Мама ничего не рассказала про папу, мама не объяснила, почему она здесь, а не воюет под водой, мама не ответила, почему она одета, как грязная старуха, – мама только обнимала Агату, держала ее лицо в ладонях с черными ногтями, будто не могла насмотреться, и все вытряхивала из Агатиных волос снег, и все повторяла:
– Господи, какое счастье… Я собиралась идти за тобой до госпиталя, до самого госпиталя…
И тогда Агата спросила, чувствуя, как ее отвыкший от слов язык заново учится ворочаться во рту:
– Ты меня забираешь?..
И в эту секунду кто-то заорал с верха лестницы:
– Вон эта старуха!
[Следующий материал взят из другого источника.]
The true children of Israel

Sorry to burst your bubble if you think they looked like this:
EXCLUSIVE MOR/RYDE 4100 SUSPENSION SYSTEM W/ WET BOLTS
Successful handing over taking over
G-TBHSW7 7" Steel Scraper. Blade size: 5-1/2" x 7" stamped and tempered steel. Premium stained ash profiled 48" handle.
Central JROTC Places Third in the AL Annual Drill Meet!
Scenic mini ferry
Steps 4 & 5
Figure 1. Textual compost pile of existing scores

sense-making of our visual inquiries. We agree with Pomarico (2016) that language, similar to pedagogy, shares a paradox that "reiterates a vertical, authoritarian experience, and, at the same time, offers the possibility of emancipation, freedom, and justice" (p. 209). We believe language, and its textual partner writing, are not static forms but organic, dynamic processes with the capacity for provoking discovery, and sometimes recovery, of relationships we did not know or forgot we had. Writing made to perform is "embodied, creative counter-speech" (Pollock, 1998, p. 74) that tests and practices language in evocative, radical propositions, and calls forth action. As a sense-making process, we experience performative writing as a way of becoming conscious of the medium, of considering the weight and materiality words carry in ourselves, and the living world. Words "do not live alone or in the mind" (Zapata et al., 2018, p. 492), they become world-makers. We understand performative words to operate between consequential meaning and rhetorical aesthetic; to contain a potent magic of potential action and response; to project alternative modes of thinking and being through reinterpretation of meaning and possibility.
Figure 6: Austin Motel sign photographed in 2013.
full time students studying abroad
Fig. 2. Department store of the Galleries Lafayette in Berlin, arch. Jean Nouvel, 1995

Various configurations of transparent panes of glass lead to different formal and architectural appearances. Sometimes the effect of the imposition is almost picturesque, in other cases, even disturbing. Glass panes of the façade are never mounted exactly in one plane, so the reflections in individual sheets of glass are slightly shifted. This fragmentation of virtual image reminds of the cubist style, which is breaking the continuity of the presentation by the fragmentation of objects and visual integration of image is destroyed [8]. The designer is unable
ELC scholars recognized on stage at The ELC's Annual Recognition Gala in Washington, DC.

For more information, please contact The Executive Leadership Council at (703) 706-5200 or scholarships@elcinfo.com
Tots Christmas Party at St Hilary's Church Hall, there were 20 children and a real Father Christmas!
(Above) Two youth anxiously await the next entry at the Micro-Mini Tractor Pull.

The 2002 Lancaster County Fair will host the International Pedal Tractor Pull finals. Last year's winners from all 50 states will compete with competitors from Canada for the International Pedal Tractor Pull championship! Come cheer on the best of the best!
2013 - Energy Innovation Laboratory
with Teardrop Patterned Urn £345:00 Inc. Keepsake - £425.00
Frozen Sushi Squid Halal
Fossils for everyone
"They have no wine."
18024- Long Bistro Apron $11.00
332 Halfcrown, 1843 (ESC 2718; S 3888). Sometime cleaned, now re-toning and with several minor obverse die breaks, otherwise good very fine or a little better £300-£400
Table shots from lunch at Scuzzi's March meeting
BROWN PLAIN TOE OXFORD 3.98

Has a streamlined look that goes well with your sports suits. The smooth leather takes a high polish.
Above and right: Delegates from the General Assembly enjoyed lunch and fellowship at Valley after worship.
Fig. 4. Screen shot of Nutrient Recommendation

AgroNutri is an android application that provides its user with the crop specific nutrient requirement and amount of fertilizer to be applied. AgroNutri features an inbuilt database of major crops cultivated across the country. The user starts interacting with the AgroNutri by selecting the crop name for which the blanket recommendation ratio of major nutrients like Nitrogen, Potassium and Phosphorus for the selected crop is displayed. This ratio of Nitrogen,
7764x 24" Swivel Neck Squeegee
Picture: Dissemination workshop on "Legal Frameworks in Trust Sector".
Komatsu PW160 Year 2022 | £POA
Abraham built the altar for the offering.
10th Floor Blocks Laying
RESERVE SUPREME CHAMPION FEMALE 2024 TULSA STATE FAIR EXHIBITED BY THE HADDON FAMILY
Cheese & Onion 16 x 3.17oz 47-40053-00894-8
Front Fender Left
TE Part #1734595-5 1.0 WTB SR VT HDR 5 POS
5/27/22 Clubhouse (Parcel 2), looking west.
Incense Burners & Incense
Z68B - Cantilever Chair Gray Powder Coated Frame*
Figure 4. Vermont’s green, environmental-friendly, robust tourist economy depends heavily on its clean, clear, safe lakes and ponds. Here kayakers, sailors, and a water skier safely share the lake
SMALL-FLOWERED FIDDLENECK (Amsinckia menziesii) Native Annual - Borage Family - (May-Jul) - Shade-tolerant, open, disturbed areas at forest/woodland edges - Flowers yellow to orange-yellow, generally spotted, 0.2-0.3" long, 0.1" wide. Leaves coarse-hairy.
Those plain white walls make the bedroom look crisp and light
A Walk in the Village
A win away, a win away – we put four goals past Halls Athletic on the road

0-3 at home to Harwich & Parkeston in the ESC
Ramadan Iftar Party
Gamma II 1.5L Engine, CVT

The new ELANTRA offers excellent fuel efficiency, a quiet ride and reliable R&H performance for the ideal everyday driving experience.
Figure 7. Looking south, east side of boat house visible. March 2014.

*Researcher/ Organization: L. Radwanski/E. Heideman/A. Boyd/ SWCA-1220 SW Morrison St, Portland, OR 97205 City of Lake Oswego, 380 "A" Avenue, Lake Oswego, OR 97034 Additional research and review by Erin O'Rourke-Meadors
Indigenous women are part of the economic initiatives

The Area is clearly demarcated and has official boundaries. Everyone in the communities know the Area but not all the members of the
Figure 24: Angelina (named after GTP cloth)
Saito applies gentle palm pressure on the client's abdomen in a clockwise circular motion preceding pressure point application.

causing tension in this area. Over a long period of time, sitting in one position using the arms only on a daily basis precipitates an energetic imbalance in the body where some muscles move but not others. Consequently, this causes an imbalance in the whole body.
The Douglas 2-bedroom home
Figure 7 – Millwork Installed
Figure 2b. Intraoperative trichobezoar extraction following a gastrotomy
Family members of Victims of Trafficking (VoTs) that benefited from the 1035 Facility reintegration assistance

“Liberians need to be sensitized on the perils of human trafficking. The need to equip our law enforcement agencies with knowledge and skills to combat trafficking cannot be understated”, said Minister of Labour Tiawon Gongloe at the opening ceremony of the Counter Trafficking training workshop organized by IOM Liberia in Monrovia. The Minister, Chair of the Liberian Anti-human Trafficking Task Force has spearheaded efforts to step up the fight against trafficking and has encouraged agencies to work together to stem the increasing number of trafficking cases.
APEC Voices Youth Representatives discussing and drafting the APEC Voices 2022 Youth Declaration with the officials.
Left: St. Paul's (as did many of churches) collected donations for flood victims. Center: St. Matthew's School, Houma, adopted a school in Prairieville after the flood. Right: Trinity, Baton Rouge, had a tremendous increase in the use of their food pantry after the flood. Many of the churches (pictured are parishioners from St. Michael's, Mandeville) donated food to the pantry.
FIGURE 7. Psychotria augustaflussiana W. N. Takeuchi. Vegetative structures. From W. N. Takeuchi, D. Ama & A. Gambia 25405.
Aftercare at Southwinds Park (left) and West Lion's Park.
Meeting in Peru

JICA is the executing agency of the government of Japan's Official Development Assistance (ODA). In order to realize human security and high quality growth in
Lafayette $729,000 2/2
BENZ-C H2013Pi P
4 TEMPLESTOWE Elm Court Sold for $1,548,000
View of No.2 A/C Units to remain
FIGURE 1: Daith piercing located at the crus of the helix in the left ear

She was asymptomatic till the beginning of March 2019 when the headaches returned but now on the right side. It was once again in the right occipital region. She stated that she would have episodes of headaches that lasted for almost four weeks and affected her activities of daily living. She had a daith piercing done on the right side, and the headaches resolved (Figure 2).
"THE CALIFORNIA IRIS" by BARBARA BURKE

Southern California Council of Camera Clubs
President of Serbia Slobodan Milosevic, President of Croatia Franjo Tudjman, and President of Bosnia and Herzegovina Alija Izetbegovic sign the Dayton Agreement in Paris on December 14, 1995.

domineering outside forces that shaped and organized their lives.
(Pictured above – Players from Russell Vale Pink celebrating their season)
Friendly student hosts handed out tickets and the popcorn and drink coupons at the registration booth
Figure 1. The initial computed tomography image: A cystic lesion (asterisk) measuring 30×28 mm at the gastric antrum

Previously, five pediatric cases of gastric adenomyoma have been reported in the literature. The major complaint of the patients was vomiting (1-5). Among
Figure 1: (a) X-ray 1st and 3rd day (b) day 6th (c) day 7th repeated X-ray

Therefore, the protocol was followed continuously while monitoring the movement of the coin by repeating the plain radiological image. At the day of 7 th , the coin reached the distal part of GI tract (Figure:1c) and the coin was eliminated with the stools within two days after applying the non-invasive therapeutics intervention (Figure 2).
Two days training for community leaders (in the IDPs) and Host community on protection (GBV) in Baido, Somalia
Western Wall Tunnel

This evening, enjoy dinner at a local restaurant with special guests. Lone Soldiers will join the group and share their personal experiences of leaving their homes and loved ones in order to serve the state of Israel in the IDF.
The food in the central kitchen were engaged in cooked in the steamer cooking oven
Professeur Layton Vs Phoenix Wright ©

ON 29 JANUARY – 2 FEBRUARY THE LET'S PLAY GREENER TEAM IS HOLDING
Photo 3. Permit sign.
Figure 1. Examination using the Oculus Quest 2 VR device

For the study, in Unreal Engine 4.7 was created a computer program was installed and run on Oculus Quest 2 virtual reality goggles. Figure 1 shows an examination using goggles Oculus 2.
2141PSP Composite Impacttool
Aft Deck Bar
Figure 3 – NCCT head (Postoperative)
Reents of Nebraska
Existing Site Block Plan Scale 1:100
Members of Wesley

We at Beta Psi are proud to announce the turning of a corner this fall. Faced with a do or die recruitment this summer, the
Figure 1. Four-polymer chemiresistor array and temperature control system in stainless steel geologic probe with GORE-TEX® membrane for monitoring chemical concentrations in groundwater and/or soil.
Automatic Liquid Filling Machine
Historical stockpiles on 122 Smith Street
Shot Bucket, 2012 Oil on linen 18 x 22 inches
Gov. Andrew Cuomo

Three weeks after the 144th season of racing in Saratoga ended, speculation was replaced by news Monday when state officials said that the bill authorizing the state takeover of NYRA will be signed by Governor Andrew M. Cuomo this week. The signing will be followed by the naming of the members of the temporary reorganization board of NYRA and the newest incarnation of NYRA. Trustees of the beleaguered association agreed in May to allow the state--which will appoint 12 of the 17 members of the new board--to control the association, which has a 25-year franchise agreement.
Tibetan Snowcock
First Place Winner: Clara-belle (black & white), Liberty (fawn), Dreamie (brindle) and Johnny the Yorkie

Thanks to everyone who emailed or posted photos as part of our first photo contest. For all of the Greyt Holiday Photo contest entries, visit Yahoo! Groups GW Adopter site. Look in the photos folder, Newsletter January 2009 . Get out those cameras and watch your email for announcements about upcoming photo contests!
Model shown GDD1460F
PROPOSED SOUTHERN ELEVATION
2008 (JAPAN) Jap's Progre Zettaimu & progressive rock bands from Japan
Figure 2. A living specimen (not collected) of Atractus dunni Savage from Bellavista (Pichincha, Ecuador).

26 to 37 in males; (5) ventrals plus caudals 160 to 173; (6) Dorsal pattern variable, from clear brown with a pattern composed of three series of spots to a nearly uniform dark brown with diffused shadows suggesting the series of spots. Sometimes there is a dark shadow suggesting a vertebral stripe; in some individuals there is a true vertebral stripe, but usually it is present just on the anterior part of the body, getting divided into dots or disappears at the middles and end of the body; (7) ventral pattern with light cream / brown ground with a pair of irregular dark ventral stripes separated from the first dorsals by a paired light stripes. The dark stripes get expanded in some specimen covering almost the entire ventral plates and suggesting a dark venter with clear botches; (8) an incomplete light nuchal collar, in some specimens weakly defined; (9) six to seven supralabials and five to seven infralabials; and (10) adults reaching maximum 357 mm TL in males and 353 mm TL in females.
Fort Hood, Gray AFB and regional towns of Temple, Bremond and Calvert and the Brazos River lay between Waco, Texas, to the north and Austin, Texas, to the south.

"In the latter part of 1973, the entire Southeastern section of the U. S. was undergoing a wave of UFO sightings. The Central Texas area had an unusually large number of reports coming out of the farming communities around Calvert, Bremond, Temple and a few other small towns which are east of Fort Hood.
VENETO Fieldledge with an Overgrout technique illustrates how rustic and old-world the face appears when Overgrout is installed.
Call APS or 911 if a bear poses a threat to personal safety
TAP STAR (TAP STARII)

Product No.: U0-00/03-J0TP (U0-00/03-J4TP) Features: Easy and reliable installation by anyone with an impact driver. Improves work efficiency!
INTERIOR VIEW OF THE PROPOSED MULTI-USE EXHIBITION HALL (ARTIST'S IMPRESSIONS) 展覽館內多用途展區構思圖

Она схватила ребенка! Вон она! – и двое солдат прыгнули в снег прямо через перила и, по пояс в снегу, стали пробираться к ним, и мама прошептала Агате в ухо, обдавая запахом металла и рыбы и еще чего-то, странно знакомого и совершенно не маминого, и все толкая и толкая что-то ей в ладонь:
– В одиннадцать вечера, девочка, прошу тебя… У моста за святым Лето… С рюкзаком… У самого моста… Пожалуйста…
В следующую секунду мама, сжавшись в клубок, вдруг покатилась вниз по снежному склону, а солдаты уже тормошили Агату и требовали ответить, в порядке ли она и что ей сказала эта женщина, а Агата кивала и показывала себе на рот, и они поняли, что она не может говорить, и тут сверху раздался удивленный голос капо Зюсса:
– Агата? Что ты здесь делаешь?!
И вот Агату, завернутую в шинель капо Зюсса, уже везут в санях в монастырь, и сестра Юлалия, суша ей волосы в дормитории тяжелой щеткой с углями внутри, мягко говорит:
– Как бы ты ни скучала по дому, Агата, ты никогда, никогда, никогда не сделаешь так больше. Ты просто не понимаешь, что такое война. До поры до времени надо просто забыть про первый этаж, девочка. Ты даже не представляешь себе, что с тобой могло случиться, – и Агата кивает, и крепко сжимает руку в кармане передника, и бумажка, маленькая, свернутая в трубочку бумажка целиком прячется в ее кулак.
За ужином капо Зюсс внимательно смотрит на Агату, а Агата совсем не смотрит на капо Зюсса – как не смотрела бы в любой другой день.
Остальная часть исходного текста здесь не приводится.